*WHAT YOU SHOULD DO:* In the records below, begin at the line that has "A narrow powder" and stop after the line that has "2024年2月,中央網(wǎ"; quote those lines verbatim and nothing more.

*DATASET EXCERPTS:*
-.-.-

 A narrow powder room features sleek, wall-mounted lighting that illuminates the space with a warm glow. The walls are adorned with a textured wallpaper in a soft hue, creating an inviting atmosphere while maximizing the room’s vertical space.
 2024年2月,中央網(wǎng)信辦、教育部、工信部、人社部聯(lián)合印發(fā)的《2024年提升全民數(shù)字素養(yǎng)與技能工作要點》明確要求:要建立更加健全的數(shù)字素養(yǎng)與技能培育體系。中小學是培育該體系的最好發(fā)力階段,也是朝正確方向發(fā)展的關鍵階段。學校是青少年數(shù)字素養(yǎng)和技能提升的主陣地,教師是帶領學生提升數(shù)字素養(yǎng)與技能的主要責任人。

-.-.-

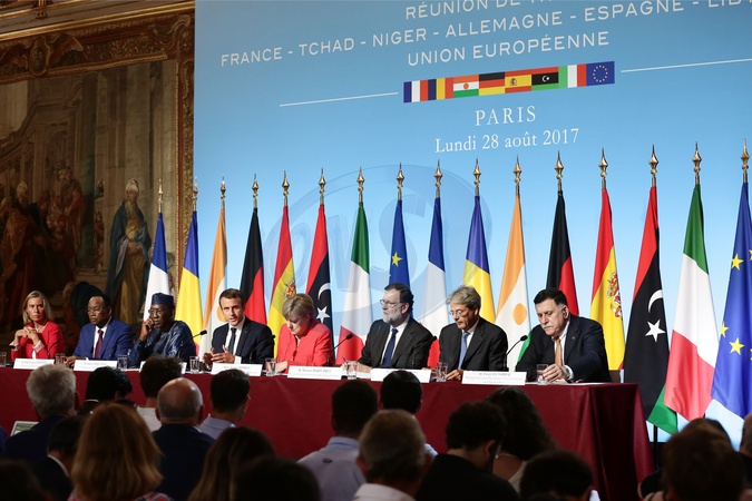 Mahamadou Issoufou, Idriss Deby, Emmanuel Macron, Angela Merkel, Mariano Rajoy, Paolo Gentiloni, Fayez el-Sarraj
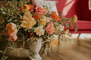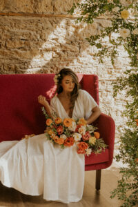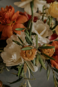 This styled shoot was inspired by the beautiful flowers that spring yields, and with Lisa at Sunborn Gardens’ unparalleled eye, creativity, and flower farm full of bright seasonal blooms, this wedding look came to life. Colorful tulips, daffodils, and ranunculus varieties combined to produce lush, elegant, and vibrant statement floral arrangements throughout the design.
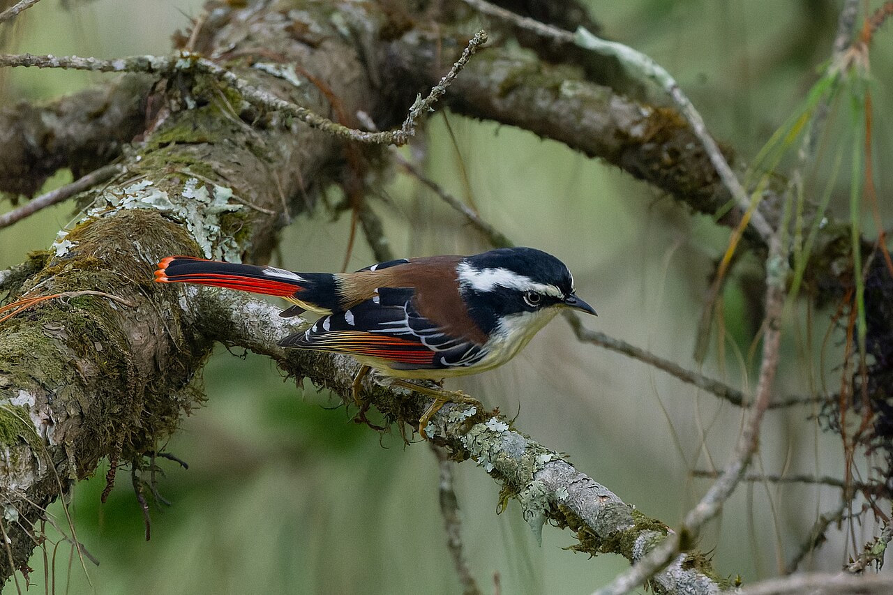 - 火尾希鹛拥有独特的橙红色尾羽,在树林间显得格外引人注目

-.-.-

*RESULT OF THE TASK:*
 A narrow powder room features sleek, wall-mounted lighting that illuminates the space with a warm glow. The walls are adorned with a textured wallpaper in a soft hue, creating an inviting atmosphere while maximizing the room’s vertical space.
 2024年2月,中央網(wǎng)信辦、教育部、工信部、人社部聯(lián)合印發(fā)的《2024年提升全民數(shù)字素養(yǎng)與技能工作要點》明確要求:要建立更加健全的數(shù)字素養(yǎng)與技能培育體系。中小學是培育該體系的最好發(fā)力階段,也是朝正確方向發(fā)展的關鍵階段。學校是青少年數(shù)字素養(yǎng)和技能提升的主陣地,教師是帶領學生提升數(shù)字素養(yǎng)與技能的主要責任人。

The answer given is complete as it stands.